Balanced
Scorecard at Marks and Spencer
Before
discussing Balanced Scorecard at Marks & Spencer, let’s gather
some useful information about the company. There are two main
elements to the way in which human capital is being evaluated at
Marks & Spencer. The first is the creation of a skills map
designed to show how the firm is faring in terms of the skills
across its employee base. The second is the work the firm is doing
in the area of employer brand and attempts to measure the effects of
their employment practices.
An Employee
Insight Unit has been set up to give the company an understanding of
how employees view Marks & Spencer, and seeks to measure
employee's emotional commitment to the workplace, in the same way as
an already well-established Customer Insight Unit has sought to
measure customer loyalty.
Let’s put some
more light on Balanced Scorecard at Marks & Spencer to see how
it all started? For long, Marks & Spencer was the iconic
company. The competitive advantage of the business was based on its
reputation with customers, its relationship with supplies, and the
caliber and commitment of the work force.
How did this
come about? One of Marks & Spencer’s long standing policies was
the provision of good meals to employees at nominal prices.

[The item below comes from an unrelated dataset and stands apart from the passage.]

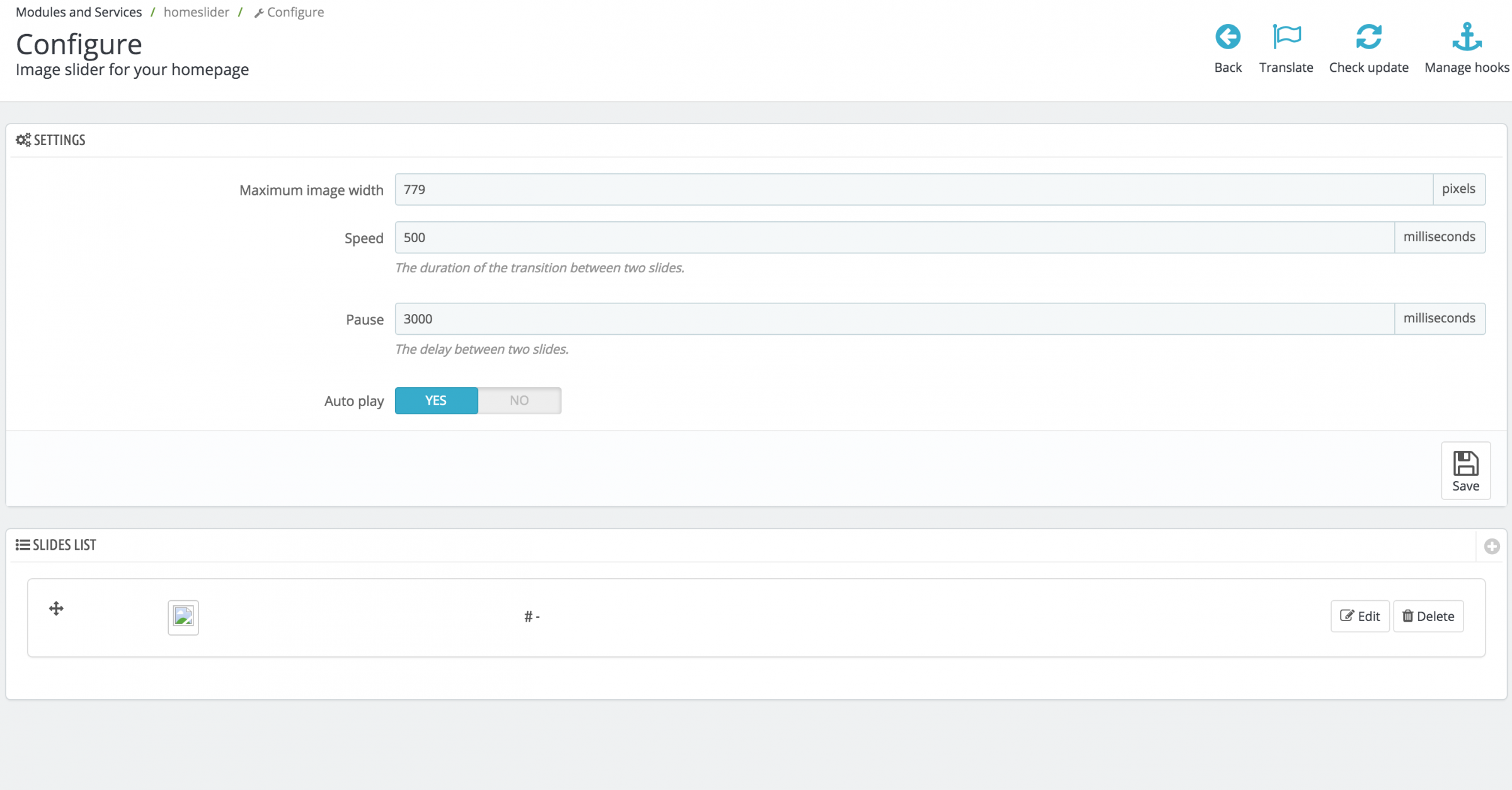 ustepper Posted October 4, 2016 Author Share Posted October 4, 2016 Yep. I know that it's the Home featured products. All my products are listed in the Home category. This was also the case before this fault appeared. The module is set to category 2, which should be Home. The slider is set to top column (which it also was prior to the fault) I have attached a screenshot of the image slider configuration. As you see, there is some weird thing in the slides list. I have tried to delete it and to add new slides. But it doesn't work... Link to comment Share on other sites More sharing options...
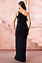 Featuring a midnight black one-shoulder gown in satin base with a sculpted front knot, cascading layered drape, zari, stone and motif hand embroidery. Accentuate it with golden hoop earrings, metallic heels and a clutch for evening events, cocktail nights, red carpet or a sophisticated gathering.

The
meals policy began after Simon Marks paid one of the frequent store
visits which are part of the routine of all senior Marks &
Spencer executives. During it, one of the assistants fainted. When
she recovered, Marks learned that her husband was unemployed and the
family didn’t have enough food to go round. Marks’ conclusion was
not – and I want to emphasize this – that Marks & Spencer had a
social obligation to relieve poverty in the community. But he did
take the view that the kind of business he was building was not one
in which employees fainted because they hadn’t enough to eat. That
is Mode 1 behavior. A Mode 2 company
would compare the costs of providing subsidized meals with the
expected net present value of the savings from reduced staff
turnover. Only if the net balance was positive would the transaction
enhance shareholder value and appeal to the
Board.
In life, and
business, we should judge ourselves by a balanced scorecard. Among
the management fads and fashions of the last twenty years, the
balanced score card is one that survives, and deserves to survive.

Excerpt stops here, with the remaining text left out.